While I would challenge the publicity suggesting this a comedy- horror something the flippant title also tilts towards- there are definitely some lighter moments which are never forced for laughs. This seems in keeping with the gallows humour which is always a feature of dark times.  However the final section becomes grim and shocking once it is clear that those you expect to survive may not and vice versa.
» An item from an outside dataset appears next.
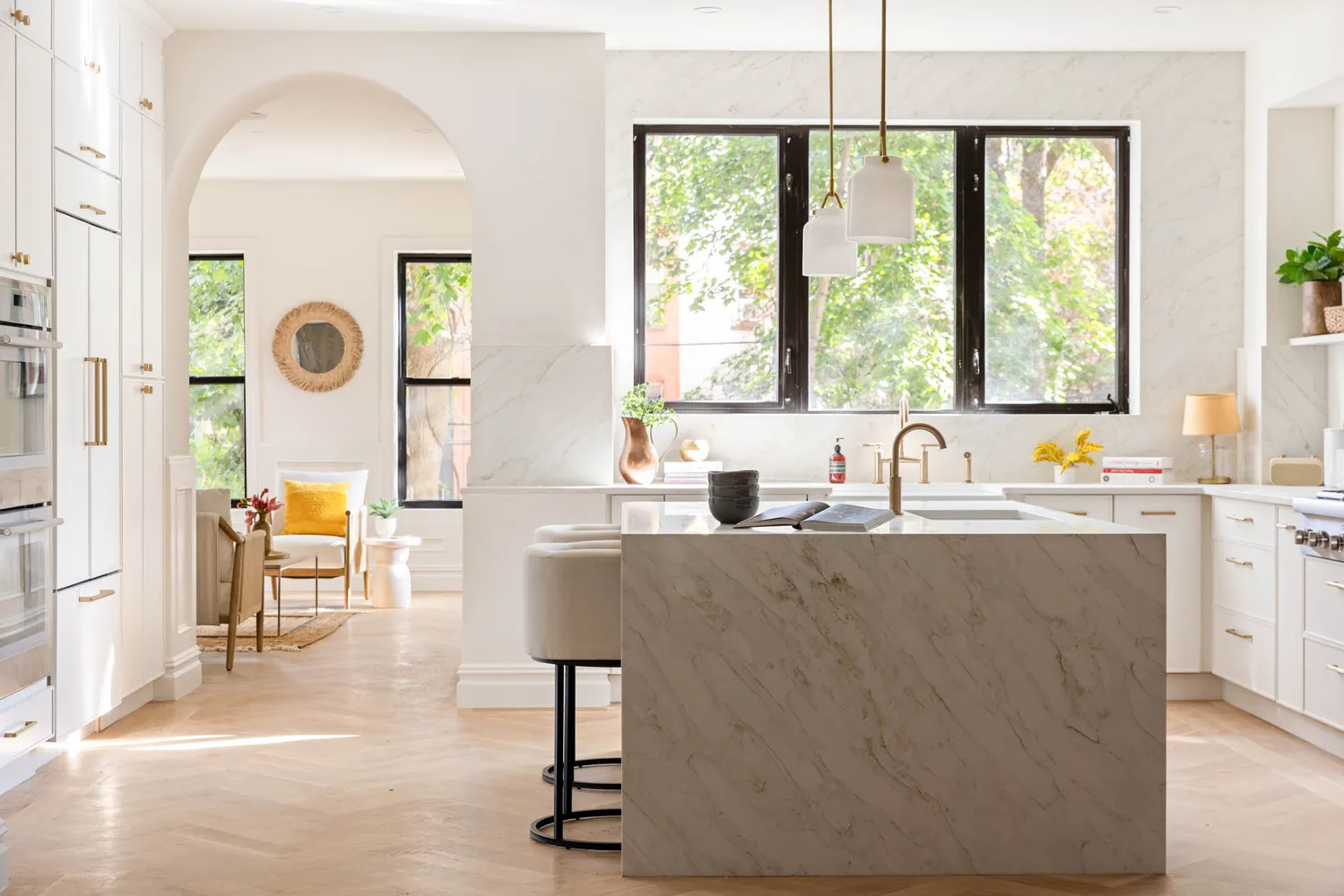 The parlor level opens into a spacious, sun-filled living and dining area with soaring 10.5’ ceilings and oversized windows. The showstopping chef’s kitchen features an expansive island, abundant counter space, and a premium appliance suite that includes a paneled Bosch refrigerator and dishwasher, a five-burner Thermador cooktop and double oven, and microwave drawer — perfect for both entertaining and casual family meals. A quiet den at the rear of the floor offers seamless access to a deck overlooking the serene garden, creating an ideal indoor-outdoor flow.

Lee, played by Oscar Kennedy makes for a satisfyingly different lead – the character’s unwillingness to take direct action becomes a crucial factor and unusually for this type of movie he is less willing to join in the carnage trying some diplomacy to unlock the situation. I think this is considerably more realistic than the stereotypical quiet boy who becomes the hero and Kennedy’s expressive face really does convey the different pressures so well even if the script sometimes doesn’t give him enough to say. As Mac, Liam Lau Fernandez proves willing to go all the way into madness in a role that could become unsympathetic where it not for the actor’s ability to retain something of the joker we see at the start. You keep thinking- maybe he won’t go that far. Then he does! Having an unstable, unpredictable character like this generates enormous tension as the film progresses.

Jasmine Blackborow as the very young matron provides another different take on the expected as she struggles at first to deal with developments but gradually develops.  Samantha Bond appears to be enjoying her role as Georgina Baker whose personal stake in the outcome of the stand off is well conveyed both by the actor and script. Georgina directs the militia yet there are tiny moments when she seems like she’s uncertain of what she has started or unsure if she can control her army. Meanwhile Alex MacQueen (who was also in Slaughterhouse Rulez) suffers for his art as teacher Mr Bates‘ authority is gradually usurped by Mac’s preference for rabble rousing radical solutions. Though initially playing the sort of role he’s been seen in before (slightly comedic and struggling to maintain control) both the script and the actor develop the part into different territory later on. There's even a cameo role for Anthony Head as the school's stuffy headmaster. Perhaps a little extra background for the other pupils may have benefitted the latter scenes but they are sketched well enough for us to get a sense of who they are.

The ending leaves potential for a sequel though you suspect that a story like this could only get wider and less involving or else repeat the scenario in a different location. This is a terrifically terrifying rollercoaster that is far better at conveying the panic and desperation of a worldwide catastrophe than many a mega budget movie I’ve seen. Rooted in the everyday and focussing on our reaction to events it also has a relevance that really connects right now if only because we can be relieved our current pandemic didn’t end up like this!